← Linux Mastery: From Zero to Hero

Power User Tools

Task 1
Standard Streams

Standard Streams

In Linux, everything is treated as a file—not just text documents, but also hardware devices, and even the input and output of commands. A stream is a continuous flow of data from one of these "files" to another.

When a program runs, the Linux kernel gives it three standard streams to communicate with the terminal (and the world). Understanding these is the key to unlocking the power of the shell.

Standard Input (stdin)

  • Definition: The standard input is a data stream arranged as a continuous set of bytes from which many Linux commands can receive data. It is referenced by file descriptor 0.
  • Default Source: By default, standard input receives data from the keyboard. When you type characters, they are placed in the standard input stream and directed to the Linux command.
  • Redirection: You can redirect standard input to receive data from a file instead of the keyboard using the less-than sign (<) operator.

Example:

cat < myletter

This command reads input from myletter instead of the keyboard.
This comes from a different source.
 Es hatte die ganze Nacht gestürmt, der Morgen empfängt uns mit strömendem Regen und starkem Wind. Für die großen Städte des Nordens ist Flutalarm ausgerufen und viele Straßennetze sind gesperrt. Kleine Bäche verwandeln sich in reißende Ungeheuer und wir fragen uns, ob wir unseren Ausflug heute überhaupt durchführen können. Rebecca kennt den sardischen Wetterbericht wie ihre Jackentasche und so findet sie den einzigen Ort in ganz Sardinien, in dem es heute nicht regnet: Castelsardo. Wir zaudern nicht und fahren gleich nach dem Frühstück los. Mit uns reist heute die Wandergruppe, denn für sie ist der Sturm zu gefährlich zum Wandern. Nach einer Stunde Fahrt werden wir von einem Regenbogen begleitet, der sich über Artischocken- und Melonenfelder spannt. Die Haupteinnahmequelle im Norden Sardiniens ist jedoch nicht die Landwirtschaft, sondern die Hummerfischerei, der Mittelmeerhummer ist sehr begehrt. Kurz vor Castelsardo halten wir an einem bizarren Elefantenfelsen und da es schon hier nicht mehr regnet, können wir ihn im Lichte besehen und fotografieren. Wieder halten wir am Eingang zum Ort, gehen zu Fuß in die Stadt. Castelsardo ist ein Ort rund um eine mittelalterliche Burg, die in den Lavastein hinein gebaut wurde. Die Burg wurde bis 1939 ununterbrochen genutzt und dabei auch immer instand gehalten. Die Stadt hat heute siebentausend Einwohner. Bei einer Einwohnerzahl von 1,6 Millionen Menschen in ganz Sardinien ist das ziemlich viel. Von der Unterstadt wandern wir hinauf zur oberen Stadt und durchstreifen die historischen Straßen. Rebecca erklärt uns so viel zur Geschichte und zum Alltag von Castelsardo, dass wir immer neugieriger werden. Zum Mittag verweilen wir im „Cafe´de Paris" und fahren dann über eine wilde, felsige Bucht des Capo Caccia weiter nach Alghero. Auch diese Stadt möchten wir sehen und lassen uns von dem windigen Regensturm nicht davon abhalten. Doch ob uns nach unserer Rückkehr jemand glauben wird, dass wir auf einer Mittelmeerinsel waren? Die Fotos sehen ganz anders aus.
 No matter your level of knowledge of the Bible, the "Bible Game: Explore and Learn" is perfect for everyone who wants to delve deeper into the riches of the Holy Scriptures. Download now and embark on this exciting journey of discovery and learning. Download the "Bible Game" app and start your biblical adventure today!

  • Commands: Commands like cat, sort, uniq, and wc can accept input from stdin. The read command is also used to read a single line from standard input.

Standard Output (stdout)

  • Definition: The standard output is a data stream where a command or program places its output. It is referenced by file descriptor 1.
  • Default Destination: The default destination for standard output is the screen (terminal).
  • Redirection (Overwrite): You can redirect standard output to a file using the greater-than sign (>).

Example:

ls > filenames.txt

This saves the list of files into filenames.txt. If the file already exists, it will be overwritten.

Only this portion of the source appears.